HealthDiseases and Conditions

Oophoritis chronic: symptoms, diagnosis, treatment

Inflammation of the ovaries is called oophoritis. This disease is mainly a consequence of salpingitis, and itself is rare. The disease can lead to infertility and a number of other unpleasant consequences, if not timely diagnosed and treated.

There is a bilateral oophoritis, as well as one-sided. In addition, distinguish between chronic, acute and subacute forms of the disease. It can be caused by STDs, streptococci, mycobacteria tuberculosis, staphylococci and other microorganisms.

In the acute process of manifestation the following:

  • heat;
  • Pain in the lower back and in the lower abdomen;
  • Disorders of urination;
  • chills;
  • Abnormal ovarian function;
  • Soreness during sex;
  • Appendages are edematous, painful and palpable unclear;
  • Peritoneal phenomena.

Chronic oophoritis, symptoms:

  • abdominal pain;
  • Cycle disorders (dysfunctional bleeding);
  • Appendages are painful and enlarged;
  • Fatigue and drowsiness;
  • Vaginal discharge;
  • Sexual dysfunction (lack of attraction, soreness during intimate proximity, lack of orgasm);
  • infertility;
  • ectopic pregnancy.

Usually the infection gets into the appendages by an ascending route, that is, through the uterus. Therefore, the disease often provokes:

  • STDs;
  • Use of a spiral;
  • abortion;
  • Childbirth;
  • Surgical interventions on the genitals.

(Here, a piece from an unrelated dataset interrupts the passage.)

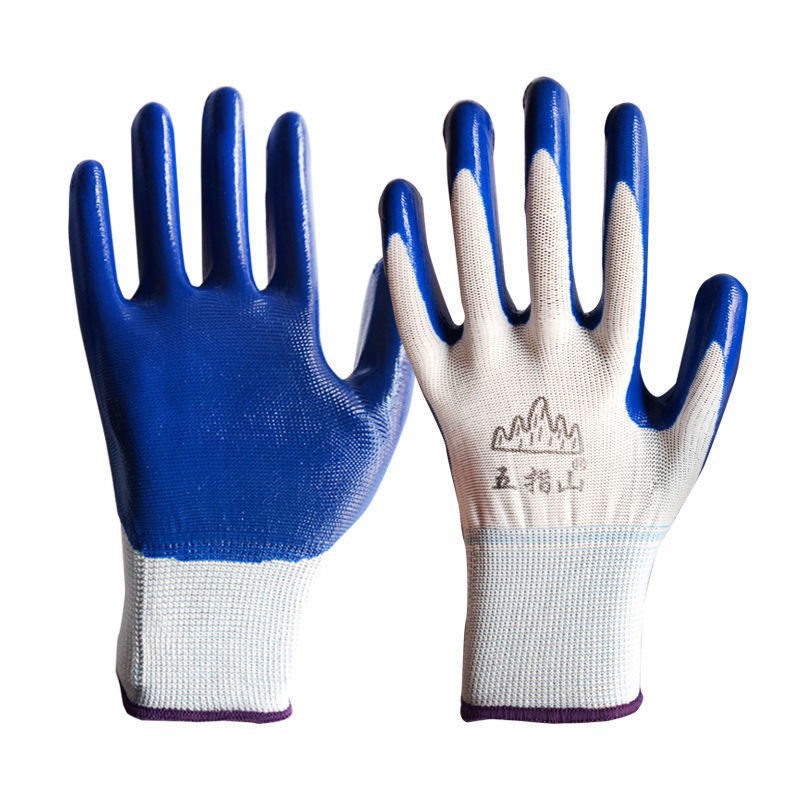 厂家批发劳保手套13针尼龙挂胶手套干活耐磨线皱丁腈乳胶浸胶手套
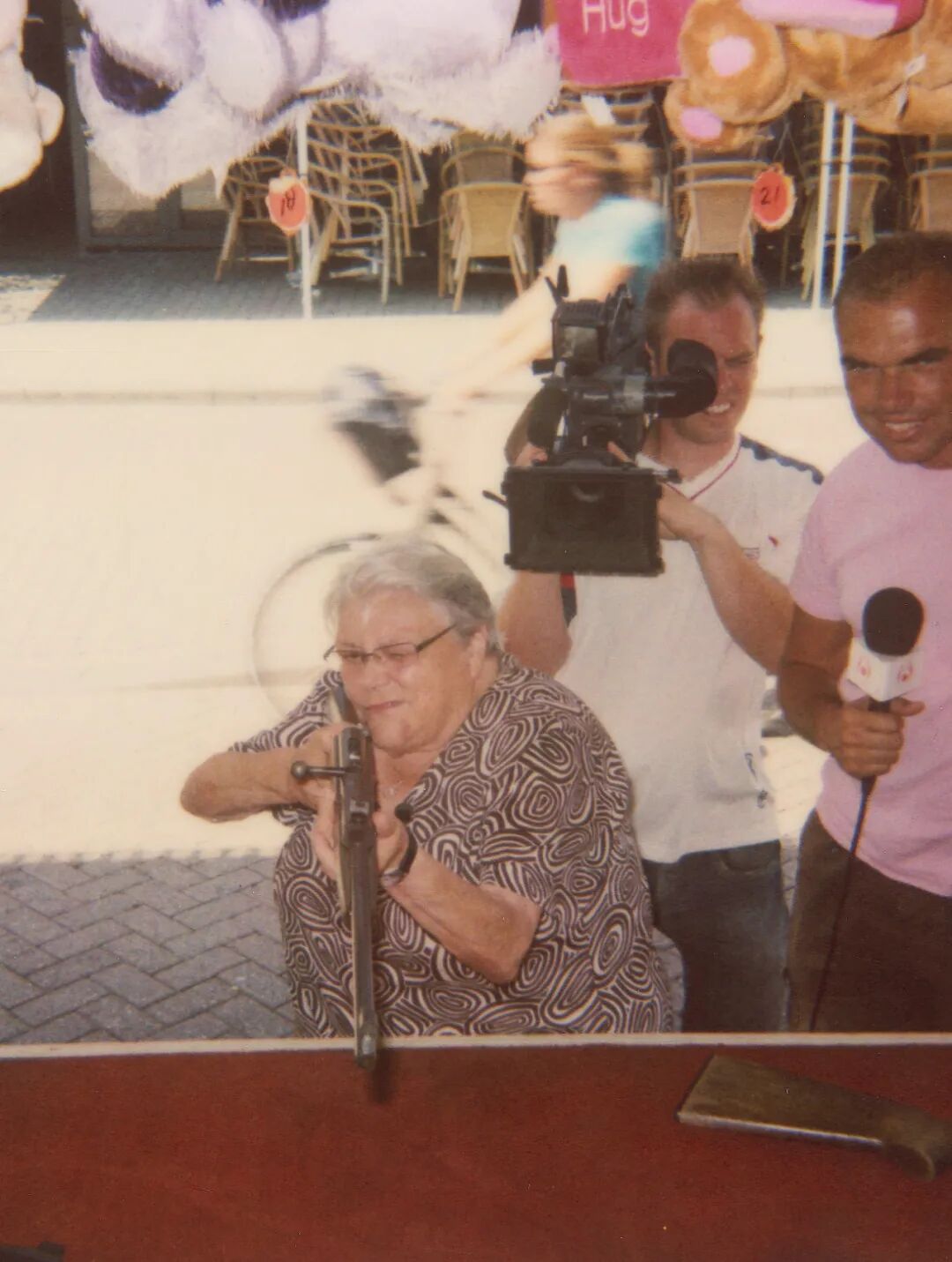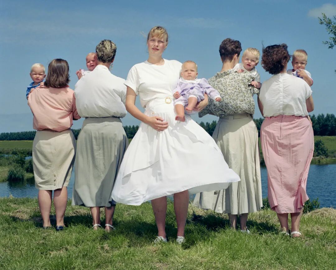 想象一个他者,天然地要求了时间的纬度。相比空泛而笼统的宏大叙述,荷兰的摄影似乎更亲近那些以个人或微观的视角表现历史的选择。埃瑞克·卡瑟斯(Erik Kessels)的《在几乎每张照片里#7》(In Almost Every Picture #7)就是一个绝佳案例。从1936年起,女孩儿里亚·范·迪克每年都会留下一张在射击瞬间拍摄的照片,一直到2016年。这些照片都有着相似的构图,端枪站在照片正中间的迪克眯着一只眼瞄准,背景常常是围观的路人、街道、游乐园设施。这里的每张照片都是荷兰社会的一个时空切片,横跨80年的切片合集共同构成了一部关于荷兰社会的微缩编年史。与寻常的人像快照不同,在构图统一的系列图像中,真正的主角变成了时间与历史本身。人物衣着和发型的变化标志着时尚潮流与制衣技术的更迭,街景与游乐园设施的演变则为观测社会的发展提供了些许线索。快照的质感给人极强的在场和真实感。如果只观察两张相邻的照片,大多数时候难以看到差别,然而若是挑出两张相隔数十年的照片,则会让人不由得感叹时光荏苒。照片的色调、对比度、颗粒质感等方面的变化,似乎也标志着摄影技术的代际更迭。

Diagnosis of chronic oophoritis with gynecological examination, anamnesis, patient complaints, tests and ultrasound. The doctor takes smears on bacteriological crops, flora and DNA-diagnostics to determine the pathogen and its sensitivity to the drugs. In addition, an increased number of leukocytes is noted in blood and urine tests.

For diagnostics, a hysterosalpingoscopy is also used, which allows to detect changes in the tubes. The most informative method is laparoscopy. It helps to inspect the ovaries, tubes, uterus.

If pathologies are detected, they can be removed immediately, for example, dissecting the adhesions. Changes in the small pelvis depend on the duration of the process and the frequency of exacerbations. With chronic oophoritis on laparoscopy, adhesions, formation in the ovaries and tubes, their infection and obstruction are visible.

If oophoritis is suspected of chronic tuberculous etiology, then diagnostic curettage, Mantoux, Koch tests are used. Also, sowing of excreta during menstruation is used.

In acute inflammation, treatment is carried out in a hospital. Prescribe antibiotics, analgesics, calcium chloride, sulfonamides, ice on the lower abdomen, rest. In addition, vitamins, restorative drugs and medicines for the prevention of adhesions are recommended . In the subacute stage, physiotherapy is used very carefully.

In this case, if treatment is started late or is inadequate, then oophoritis chronic may occur, which will manifest itself as periodic exacerbations. They are usually associated with overwork, hypothermia, colds, stress.

The chronic process is treated with balneotherapy and physiotherapy during remission. Depending on the specific situation about the need for antibiotics and painkillers during an exacerbation the decision is made by the doctor. If the appendages are greatly enlarged and conservative methods do not help, then surgery is applied. With gonorrheal and tuberculous oophoritis, specific treatment is prescribed.

Categorically, one should not self-medicate. If you find yourself in the presence of signs of the disease, you should immediately contact the gynecologist, in addition, visit him once a year, even if there is nothing to worry about. Avoiding trouble will help to maintain hygiene and safe sex.

Thus, chronic oophoritis is a disease that occurs when untreated or inadequate treatment of an acute process. If a woman does not consult a doctor, infertility and other health problems may occur. It is not excluded the removal of appendages.